After 3 months, other antihypertensive agents could be added on as needed to achieve a blood pressure target of <140/90 mm Hg, or <130/80 mm Hg in patients with diabetes or renal insufficiency.
Concomitant Medications:
Lipid-lowering therapy (68%), beta-blockers (47%), and antiplatelet therapy (64%)
Principal Findings:
A total of 11,506 patients were randomized, 5,744 to the amlodipine/benazepril arm, and 5,762 to the HCTZ/benazepril arm. About 50% were obese, 60% had diabetes, 23% had a history of myocardial infarction (MI), 6% had renal disease, and about 36% had undergone prior revascularization. About 97% were previously being treated for hypertension. Only 37.3% had adequately controlled hypertension (blood pressure <140/90 mm Hg). The prespecified efficacy boundary was crossed with 60% of the expected trial information; therefore, the trial was terminated early.

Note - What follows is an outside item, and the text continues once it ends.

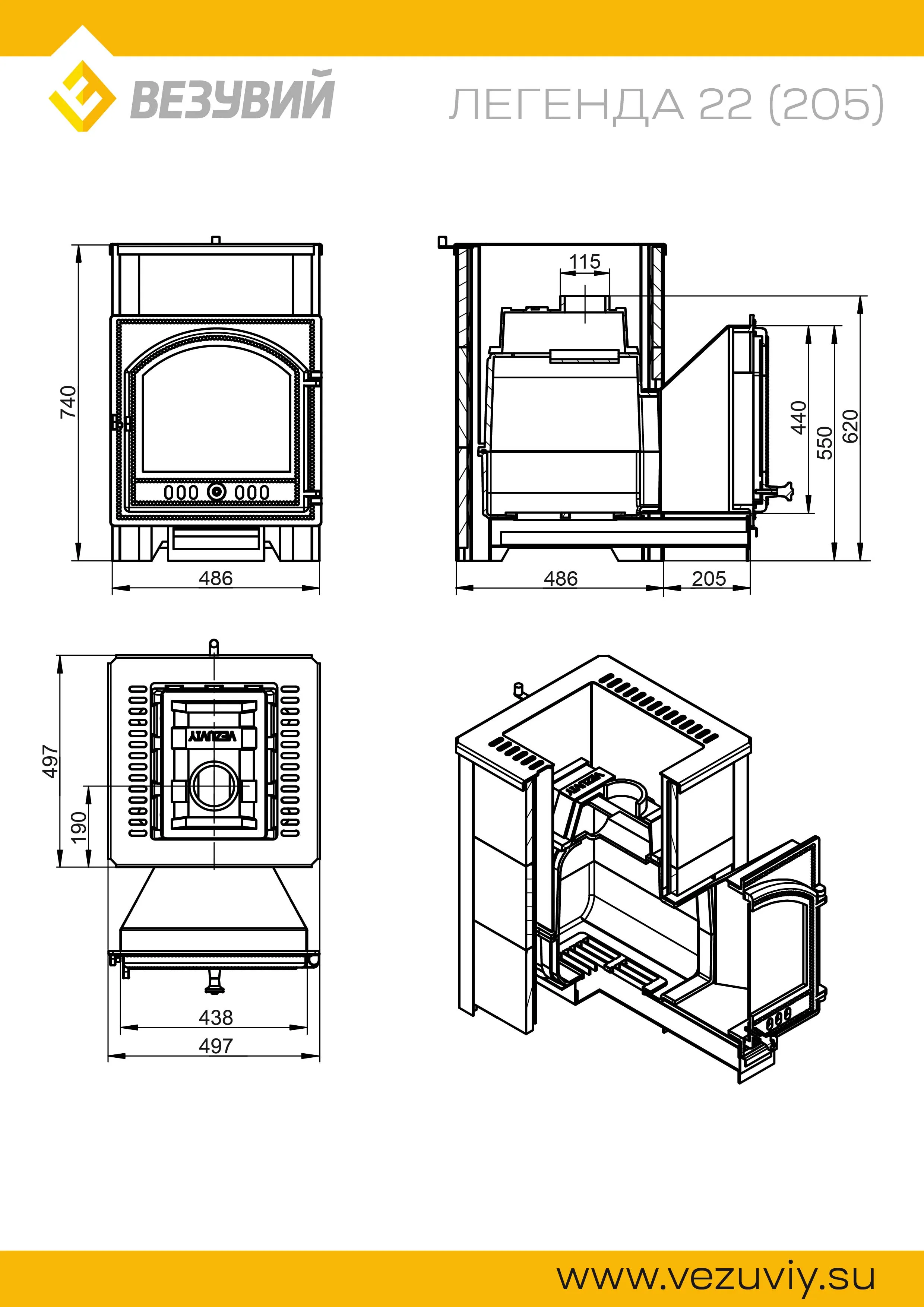 Печь изготовлена из жаростойкого чугуна (ГОСТ 1412-85), топка печи абсолютно герметична

Systolic and diastolic blood pressure were significantly reduced by amlodipine/benazepril, compared with HCTZ/benazepril by 0.9/1.1 mm Hg over 5 years of follow-up (p < 0.001). Target blood pressure was achieved in 72.4% of patients in the HCTZ/benazepril arm, and 75.4% of patients in the amlodipine/benazepril arm. A total of 16.2% of patients in the HCTZ/benazepril arm compared with 15.0% in the amlodipine/benazepril arm were on two or more add-on medications, although about 50% of patients were on one pill only.

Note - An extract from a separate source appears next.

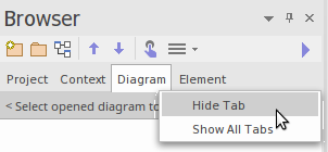 Conversely, you might have set a large diagram to open automatically when you log on to Enterprise Architect, and spend the whole session working on the elements of that diagram, so you could hide the 'Project' and 'Context' tabs, and just work on the 'Diagram' tab, and/or on the 'Details' tab of the Inspector window.
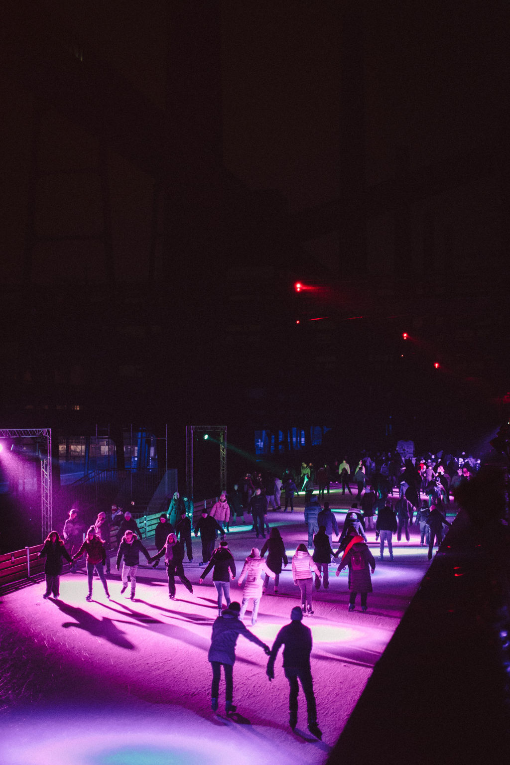 Die beleuchtete Industriekulisse der Kokerei Zollverein lädt mit rund 1.800 Quadratmeter Eisfläche zu einem super Erlebnis auf dem Eis ein. Vor ungefähr 40 Jahren wurde hier noch Kohle bei 1000 Grad zu Koks gebacken. Heute ist das nicht mehr so, aber das wertvolle kulturelle Erbe bleibt uns zum Glück trotzdem erhalten. Während du also gemächlich auf dem Eis deine Runden drehst, kannst du in Ruhe die alte Industriekultur bestaunen.

There was a 20% reduction in the primary endpoint of cardiovascular mortality, stroke, MI, coronary revascularization, unstable angina, and resuscitation from death in the amlodipine/benazepril arm (9.6%) compared with the HCTZ/benazepril arm (11.8%) (p < 0.001). Cardiovascular death, stroke, and MI were also reduced by 21% (p = 0.002). Fatal and nonfatal MI were significantly reduced in the amlodipine/benazepril arm (2.2%) compared with the HCTZ/benazepril arm (2.8%) (p = 0.04). Other endpoints, including cardiovascular mortality, stroke, and resuscitated sudden death were similar between the two groups. On further analysis, the combination of amlodipine and benazepril was superior to the combination of HCTZ and benazepril for older patients, men and women, and presence or absence of diabetes.

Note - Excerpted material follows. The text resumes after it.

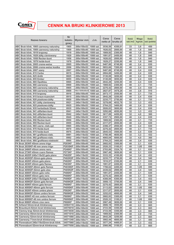 CENNIK NA BRUKI KLINKIEROWE 2013 Nazwa towaru ABC Bruk klink. 1905 czerwony naturalny ABC Bruk klink. 1909 czerwony naturalny ABC Bruk klink. 1919 brązowy ABC Bruk klink. 1929 żółty cieniowany ABC Bruk klink. 1958 Recker-bunt ABC Bruk klink. 1979 heide-bunt ABC Bruk klink. 2005 creme-weiss ABC Bruk klink. 2006 creme-weiss kostka ABC Bruk klink. 2007 szary ABC Bruk klink. 815 Carbo ABC Bruk klink. 825 Antik ABC Bruk klink. 855 Ember ABC Bruk klink. 865 Opalblau ABC Bruk klink. 900 czerwony ABC Bruk klink. 905 czerwony naturalny ABC Bruk klink. 909 czerwony naturalny ABC Bruk klink. 910 brązowy ABC Bruk klink. 915 braun-nuanciert ABC Bruk klink. 920 piaskowo-żółty ABC Bruk klink. 921 żółty cieniowany ABC Bruk klink. 925 piaskowo-żółty ABC Bruk klink. 935 herbstlaub 52mm ABC Bruk klink. 941 altfarben-bunt ABC Bruk klink. 942 altfarben-bunt ABC Bruk klink. 945 altfarben-bunt ABC Bruk klink. 950 Recker-bunt ABC Bruk klink. 955 Recker-bunt ABC Bruk klink. 965 czerw.-nieb.opł. ABC Bruk klink. 970 Heide-bunt ABC Bruk klink. 975 heide-bunt ABC Bruk klink. 991 grafitowo-nieb. ABC Bruk klink. 992 grafitowo-nieb. ABC Bruk klink. 995 grafitowo-nieb.52mm grafitowo-niebieski FK Bruk 203KF-45mm areno trigo FK Bruk 203SKF-40 mm areno trigo FK Bruk 248KF-45mm areno nero FK Bruk 273KF-45mm cuero flamea FK Bruk 402DF-240x118x52 gala plano FK Bruk 402KDF-52mm-gala plano FK Bruk 402KF-45mm gala plano FK Bruk 403KF-45mm gala flamea FK Bruk 403SKF-40mm gala flamea FK Bruk 405KDF-52mm gala alea FK Bruk 406KF-45mm gala volia FK Bruk 408KF-45mm gala nero FK Bruk 409DF-240x118x52gala ferrum FK Bruk 409KDF-52mm gala ferrum FK Bruk 409KF-45mm gala ferrum FK Bruk 409SKF-40mm gala ferrum FK Bruk 502KF-45mm umbra plano FK Bruk 609KDF-52mm umbra ferrum FK Bruk 609KF-45 mm umbra ferrum FK Bruk 609SKF-40 mm umbra ferrum FK Bruk 808KF-45mm cino nero PE Artland 52mm-bruk klinkierowy PE Braunbunt-52mm bruk klinkierowy PE Ciemny brąz 52mm-bruk klinkierowy PE Czerwony 45mm-bruk klinkierowy PE Czerwony 52mm-bruk klinkierowy PE Czerwony 71mm-bruk klinkierowy PE Florenzbunt 240x118x52mm-bruk klink. PE Florenzbunt 52mm-bruk klinkierowy Nr katalo- Wymiar mm gowy 1905 1909 1919 1929 1958 1979 2005 2006 2007 0815 0825 0855 0865 0900 0905 0909 0910 0915 0920 0921 0925 0935 0941 0942 0945 0950 0955 0965 0970 0975 0991 0992 0995 P203KF P203SKF P248KF P273KF P402DF P402KDF P402KF P403KF P403SKF P405KDF P406KF P408KF P409DF P409KDF P409KF P409SKF P502KF P609KDF P609KF P609SKF P808KF 34584110 34570010 34573030 34571010 34571080 34571340 34577060 34577050 200x150x52 200x100x40 200x100x40 200x100x40 200x100x40 200x100x40 200x100x52 200x100x52 200x100x52 200x100x52 200x100x52 200x100x52 200x100x52 200x100x45 200x100x52 180x118/60x60x52 200x100x45 200x100x52 200x100x45 240x118x52 200x100x52 200x100x52 240x118x52 240x118x62 200x100x52 200x100x45 200x100x52 200x100x52 200x100x45 200x100x52 240x118x52 240x118x62 200x150x52 200x100x45 200x100x40 200x100x45 200x100x45 240x118x52 200x100x52 200x100x45 200x100x45 200x100x40 200x100x52 200x100x45 200x100x45 240x118x52 200x100x52 200x100x45 200x100x40 200x100x45 200x100x52 200x100x45 200x100x40 200x100x45 200x100x52 200x100x52 200x100x52 200x100x45 200x100x52 200x100x71 240x118x52 200x100x52 J.m. 1000 szt. 1000 szt. 1000 szt. 1000 szt. 1000 szt. 1000 szt. 1000 szt. 1000 szt. 1000 szt. 1000 szt. 1000 szt. 1000 szt. 1000 szt. 1000 szt. 1000 szt. 1000 szt. 1000 szt. 1000 szt. 1000 szt. 1000 szt. 1000 szt. 1000 szt. 1000 szt. 1000 szt. 1000 szt. 1000 szt. 1000 szt. 1000 szt. 1000 szt. 1000 szt. 1000 szt. 1000 szt. 1000 szt. 1000 szt. 1000 szt. 1000 szt. 1000 szt. 1000 szt. 1000 szt. 1000 szt. 1000 szt. 1000 szt. 1000 szt. 1000 szt. 1000 szt. 1000 szt. 1000 szt. 1000 szt. 1000 szt. 1000 szt. 1000 szt. 1000 szt. 1000 szt. 1000 szt. 1000 szt. 1000 szt. 1000 szt. 1000 szt. 1000 szt. 1000 szt. 1000 szt. 1000 szt. Cena Cena netto zł brutto zł 3536,59 1626,02 1869,92 1991,87 1626,02 1829,27 5487,80 5853,66 5487,80 2804,88 3130,08 3130,08 2642,28 1869,92 2276,42 2827,87 2073,17 2642,28 2235,77 3278,69 2764,23 2926,83 3292,68 3617,89 2357,72 1869,92 2317,07 2398,37 2276,42 2845,53 3780,49 4065,04 2764,23 2682,93 2520,33 2703,06 2967,48 3333,33 2235,77 1910,57 1991,87 1788,62 2439,02 1991,87 2276,42 4308,94 3008,13 2276,42 2113,82 2317,07 3252,03 2682,93 2520,33 2967,48 2886,18 2723,58 2723,58 1869,92 2642,28 3902,44 3577,24 2560,98 4350,01 2000,00 2300,00 2450,00 2000,00 2250,00 6749,99 7200,00 6749,99 3450,00 3850,00 3850,00 3250,00 2300,00 2800,00 3478,28 2550,00 3250,00 2750,00 4032,79 3400,00 3600,00 4050,00 4450,00 2900,00 2300,00 2850,00 2950,00 2800,00 3500,00 4650,00 5000,00 3400,00 3300,00 3100,01 3324,76 3650,00 4100,00 2750,00 2350,00 2450,00 2200,00 2999,99 2450,00 2800,00 5300,00 3700,00 2800,00 2600,00 2850,00 4000,00 3300,00 3100,01 3650,00 3550,00 3350,00 3350,00 2300,00 3250,00 4800,00 4400,01 3150,01 Ilość Waga Ilość szt./m2 kg/szt. szt./paleta 33 48 48 48 48 48 48 48 48 48 48 48 48 48 48 44 48 48 48 32 48 48 32 32 48 48 48 48 48 48 32 32 48 48 48 48 48 34 48 48 48 48 48 48 48 34 48 48 48 48 48 48 48 48 48 48 48 48 48 48 34 48 3,8 1,8 1,8 1,8 1,8 1,8 2,4 2,4 2,4 2,4 2,4 2,4 2,4 2,1 2,4 2,6 2,1 2,4 2,1 3,3 2,4 2,4 3,3 4,0 2,4 2,1 2,4 2,4 2,1 2,4 3,3 4,0 2,4 2,1 1,85 2,1 2,1 3,4 2,4 2,1 2,1 1,85 2,4 2,1 2,1 3,4 2,4 2,1 1,85 2,1 2,4 2,1 1,85 2,1 2,3 2,3 2,3 2,0 2,3 3,1 3,3 2,3 450 840 840 840 840 840 630 630 630 630 630 630 630 735 630 510 735 630 735 432 630 630 432 360 630 735 630 630 735 630 432 360 630 630 690 630 630 432 540 630 630 690 540 630 630 432 540 630 690 630 540 630 690 630 665 665 665 735 665 490 432 665 Nazwa towaru PE Husum gelbbunt 52mm-bruk klinkierowy PE Nussbraun 52mm-bruk klinkierowy PE Penter gelbbunt 52mm-bruk klinkierowy PE Rotblaubunt 240x118x52mm-bruk klink. PE Rotblaubunt 45mm-bruk klinkierowy PE Rotblaubunt 52mm-bruk klinkierowy PE TITAN 52mm-bruk klinkierowy Bruk klinkierowy ANTIKA Bruk klinkierowy BORKUM Bruk klinkierowy DRESDEN Bruk klinkierowy DR

The incidence of adverse effects, including dizziness, cough, angioedema, and hypotension, was similar between the two groups; peripheral edema was noted more commonly in the amlodipine/benazepril group (31.2% vs. 13.4%).
Interpretation:
The results of this large, randomized trial indicate that a single combination therapy of amlodipine/benazepril is superior to HCTZ/benazepril in the reduction in blood pressure as well as cardiovascular endpoints in patients with high-risk hypertension. These findings are very important, and are contrary to those of the ALLHAT trial, which found no difference in outcomes between amlodipine and chlorthalidone (also a diuretic).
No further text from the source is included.